TERMS AND SERVICES: Client agrees to pay the Company a total amount of Five Hundred Fifteen ($515) USD, which shall be paid via wire transfer or agreed upon method of payment. The duration of the session will be ninety (90) minutes. I understand that I have the right to review this consent with an attorney if I choose before accepting any coaching or services. I have executed this consent freely and willingly understand its provisions. I recognize that the Company will rely upon my signing of this document in accepting me as a client and establishing me under legal contract. I acknowledge receipt of a copy of this consent if I have requested it. The goal of this 90-minute session is to help the coach to pinpoint the most probable explanations of your health experience or complaints.

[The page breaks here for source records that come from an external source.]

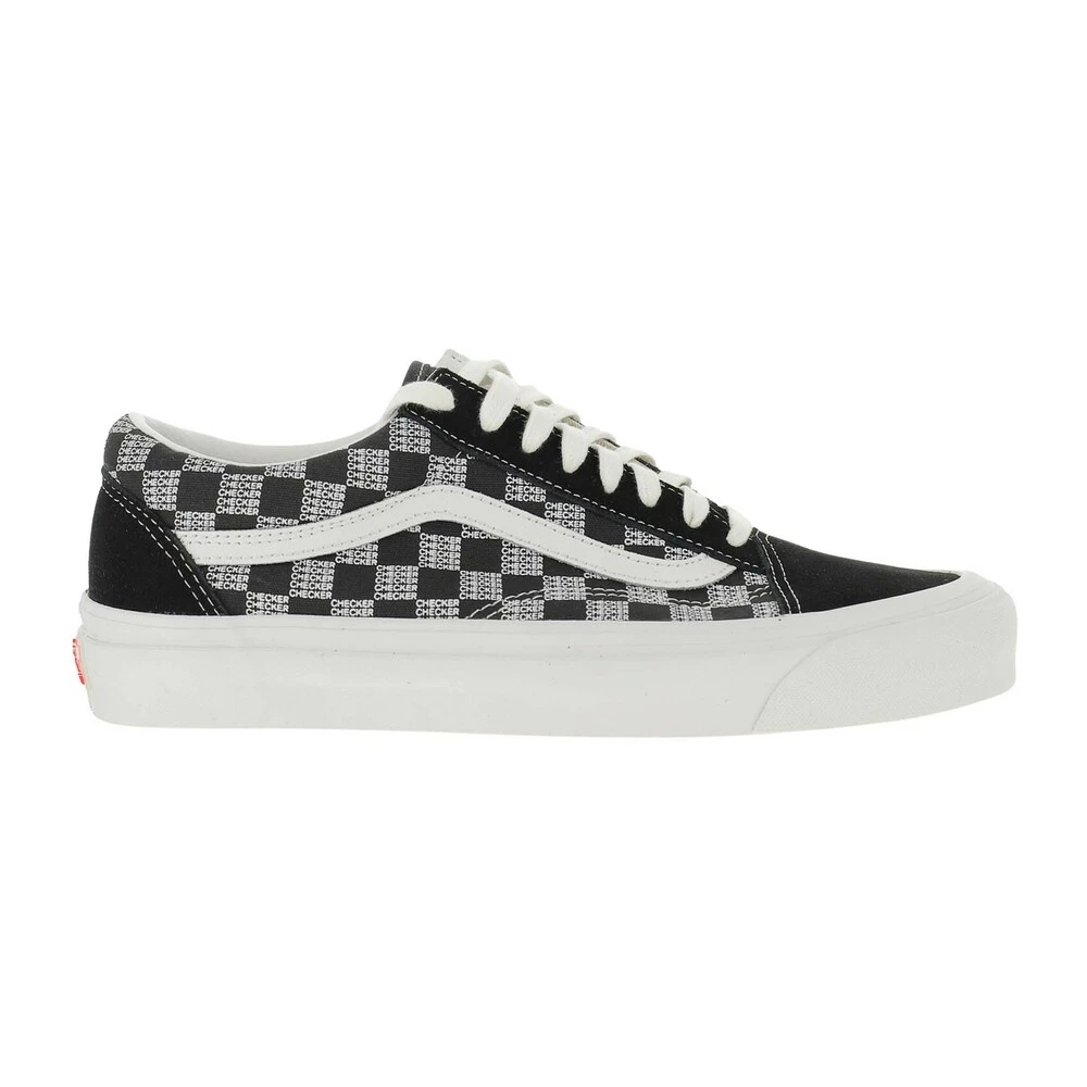 Joggesko laget av stoff og lær blonder foran lukkingen Ikonisk sidestripe All-over Checker Lettering Motif Logo Detalj på hæl rundt tå vaffel såle svart, hvit laget i Filippinene komposisjon: 100% skinn, 100% stoffs joggesko laget av stoff og lær blonder -oppsetningens lukking Ikonisk sidestripe All-over Checker Lettering Motif Logo Detalj på hæl rundt tå vaffel såle svart, hvit laget i Filippinene komposisjon: 100% skinn, 100% stoff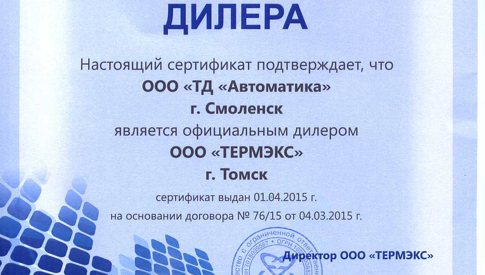 ООО "ТД "Автоматика" является официальным дилером ООО "ТЕРМЭКС".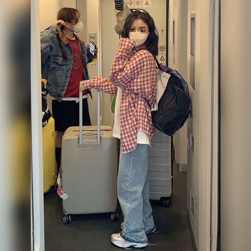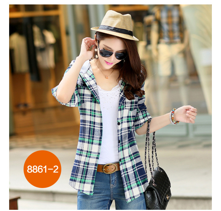 Women's long sleeve cotton loose Joker plaid shirt spring and autumn new women's shirt a generation of women's clothing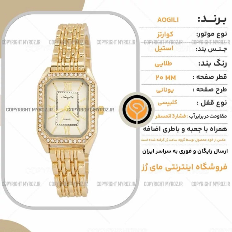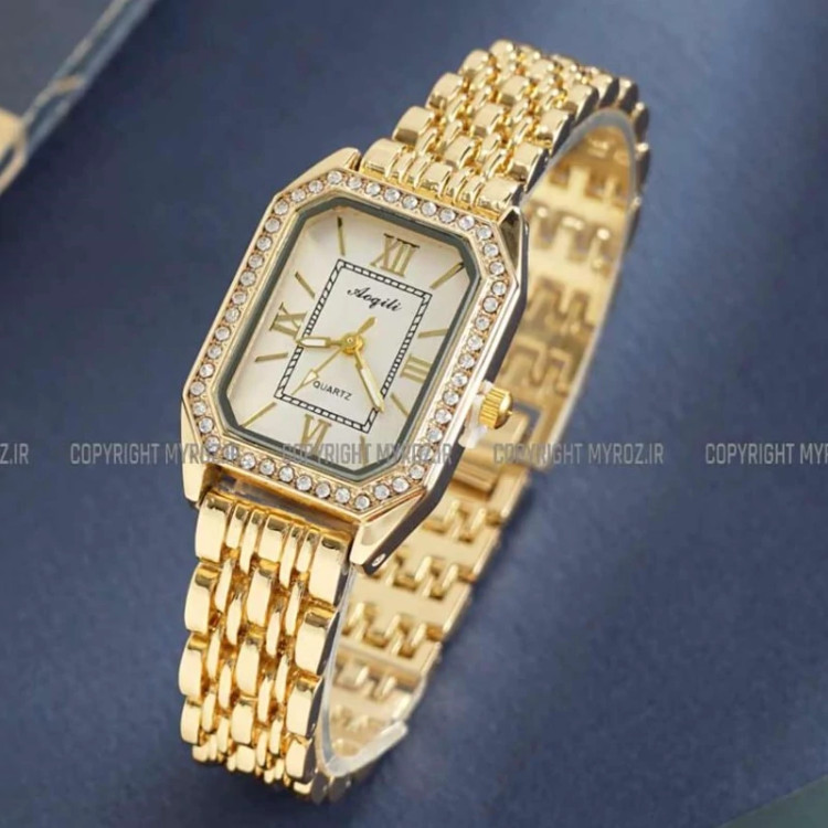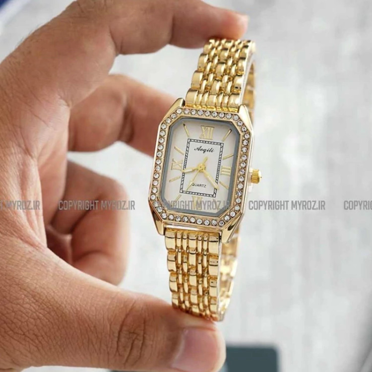 ساعت مچی زنانه AOGILI مدل 2213 • • برند : AOGILI • ضد آب 3 اتمسفر ( در حد پاشش آب 3ATM ) • مناسب برای : خانم ها • روزشمار : ندارد • نوع قفل : کلیپسی • شیشه : اکرلیک • جنس بند : استیل • رنگ بند : طلایی • شکل صفحه: مربع • قطر صفحه : 20 میلیمتر • رنگ صفحه : سفید • وزن خالص : 55 گرم • درجه کیفیت موتور : کوارتز A++ • همراه با جعبه شکیل و باطری اضافه تمامی عکس ها از خود محصول در استدیو تخصصی مای رُز گرفته شده است .

I do hereby acknowledge that by signing this statement of understanding that I understand that some, and perhaps all, of the discussion involved during this 90-minute session may be innovative, non-traditional or unconventional and is not to be construed to qualify as medical or nutritional advice and it is for informational and educational purposes only. I also understand that these unconventional services may be viewed by 3rd party insurance purveyors as non-covered services, in that they might be considered unreasonable or unnecessary under any medical insurance program. I also realize that my insurance coverage does not pay for such services and that I will be personally responsible for payment. I understand that I will pay all costs including reasonable attorney fees, should that become necessary. I understand that all outstanding balances bear interest at the maximum rate allowed by law.
I understand that my acceptance of these terms represents full informed consent for any and all treatments, services, and recommendations offered and given to me or my minor and that I will not be required to sign individually separate consent forms for any protocols or recommendations received during time with the company.